Это было несколько неожиданно для Яноша: он-то был уверен, что его ждет поле брани. Вначале даже огорчился. Но довольно скоро стал понимать, что его первоначальный порыв смешон. А вскоре, когда за присвоение денег, посылаемых солдатам из дому, был с позором изгнан старший писарь, Яноша назначили на его место и дали звание унтер-офицера, положенное по должности. Может, и не случилось бы у него столь быстрого продвижения по службе, не окажись начальником полковой канцелярии обер-лейтенант Эртень. Он любил, когда они оставались только вдвоем, поговорить о том о сем — Эртеню, призванному из запаса, были чужды кичливость и высокомерие по отношению к низшим в чине, свойственные кадровым офицерам. Во время поездок по делам страховой компании, в которой он до войны служил агентом, Эртеню приходилось бывать и в Вашвараде. Там у него случился даже маленький тайный роман, и нередко в разговорах с Яношем он пускался в воспоминания о своих приятных вашварадских днях. А иногда Эртень вслух начинал мечтать о том, как после войны они, уже не разделяемые разницей в чинах, встретятся в Вашвараде и за бокалом доброго вина вспомнят свою службу в сольнокском запасном полку. Эртень был старше Яноша лат на десять, но держался с ним, когда они были наедине, почти как с ровесником и очень доверительно. Войну Эртень ругал за то, что она оторвала его от многих удовольствий мирной жизни, хотя и считал, что настал час в союзе с германской империей отомстить России за 1849 год, когда царь послал войска подавить свободу венгров. Эртень полагал, что следует забрать русские земли, примыкающие к австро-венгерской границе. На вопрос Яноша: «А зачем вам, господин обер-лейтенант, русские земли?» — Эртень отвечал: «Мне они не нужны. Но материальная компенсация за моральный ущерб — это в порядке вещей, вы же знаете, ведь вы служили у адвоката».

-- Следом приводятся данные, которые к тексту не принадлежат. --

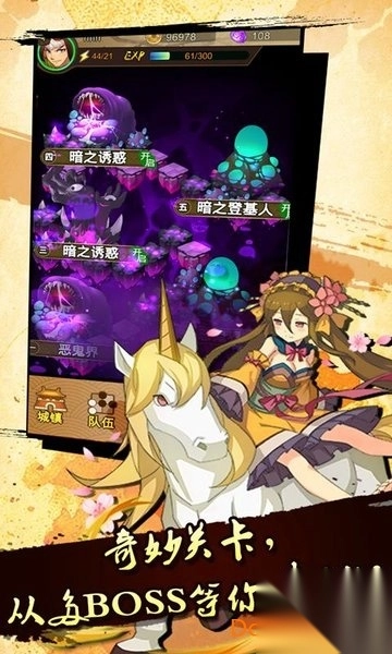 武将是本游戏的特色之一,不同拥有独特的技能和属性。每次征战您都可以携带上最多五名武将来消灭敌人,通过副本!武将之间还存在着属性克制关系!合理搭配您的队伍能让您更轻松的获胜。
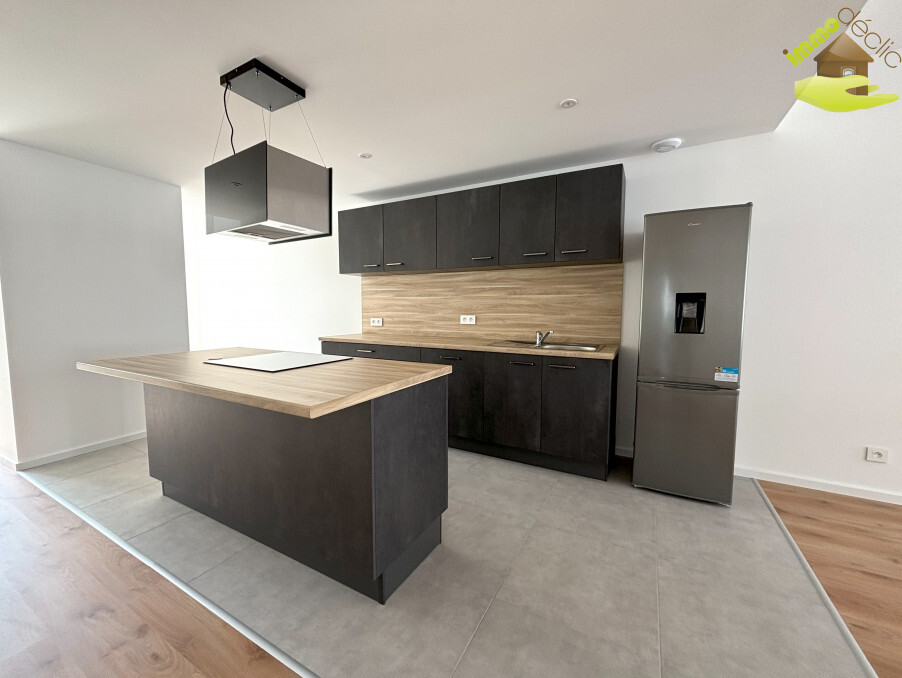 Il comprend : Une cuisine entièrement équipée (four, plaque, hotte, lave-vaisselle, frigo) ouverte sur spacieux séjour, deux spacieuses chambres de 12,43 et 19,76 m², une salle d'eau, un WC séparé, un débarras ainsi qu'une terrasse de 41,27 m².

У Эртеня, как по некоторым его намекам догадывался Янош, была «рука», которая помогла ему пристроиться в запасном полку. Действия этой таинственной «руки», можно было понять, связаны с некоторыми прежними амурными делами Эртеня. Эртень надеялся всю войну благополучно провоевать в тылу, в должности начальника канцелярии запасного полка. Он и Яношу обещал спокойную жизнь при нем.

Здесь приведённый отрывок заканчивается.